Mesh Texturing
January 2024
Texturing in Hammer is similar to previous iterations of Hammer except that it has a few more methods to apply textures due to the change in how geometry can be generated.
Basic Texturing
With some geometry created, click Browse on the Active Material pane located in the bottom left by default. It likely is currently still set to the default developer material. Type "reflect" and several shades of grey materials will show up. Selecting one of them will move it to the Active Material pane.
Switch to Faces mode and right-click on any of surfaces you want to apply the active material. To change scaling, rotation and so on, use the Align, Scale, Shift, Rotate, Fit and Justify buttons in the Face Editing tab. Select the appropriate faces and click a button to make changes.
To transfer the UVs from an existing face to a new face use Alt+ and the texture along with the alignment will be transferred to the new face.
Maintaining Texture Alignment
Added to Hammer are new forms of texture lock which are accessible through buttons to the right of the toolbar at the top. These can allow some advanced manipulations.
Texture Lock
With this mode active and Translate T meshes around in the Meshes, Objects or Groups selection modes, and texture alignment will be maintained. Disabled, texture alignment will not be maintained. Potentially useful if you're duplicating, say, chunks of brick wall or cliff face and you don't want the same texture alignment to appear in each segment.
Texture Lock Scale
When active and Scale E meshes up and down in the Meshes, Objects or Groups selection modes, and again texture alignment will be maintained. As before, texture alignment will not be maintained when disabled - of use if scaling a section of wall and you don't want textures to be stretched.
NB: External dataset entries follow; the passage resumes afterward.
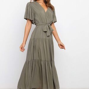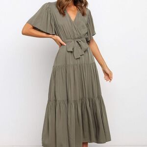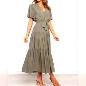 Tie Waist Tiered Short Sleeve Midi Dress Butterfly Sleeve Dark Olive
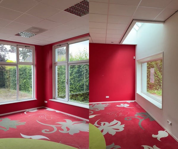 Wat kun je verwachten? Grote open ruimtes, hoge plafonds en volop daglicht dankzij de enorme raampartijen. Om het pand ligt een pleintje, we vragen jullie om dat netjes te houden.
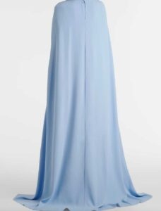 Το “Natasha” Satin Cape Gown του οίκου Markarian, είναι ένα couture-εμπνευσμένο σχέδιο που εκπέμπει σεβασμό στην επίσημη περίσταση αλλά και σύγχρονη αισθητική.
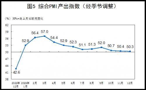 12月份,综合PMI产出指数为50.3%,比上月下降0.1个百分点,高于临界点,表明我国企业生产经营活动总体保持扩张。

Texture Lock Component Manipulations
In any selection mode, texture alignment will be maintained on faces - it locks the underlying UV representation so that you can significantly deform the mesh and still have it attempt to keep the same texture alignment.
For example if texturing a bent or destroyed object - start with a correctly-textured undamaged version, switch on Texture lock component manipulations, then move vertices, edges and faces around to introduce some bends. If you're not careful, you can cause some serious texture-stretching.
UV Peel
Useful for texturing around curvy arbitrarily-shaped meshes such as arches or road surfaces is the UV peel mode.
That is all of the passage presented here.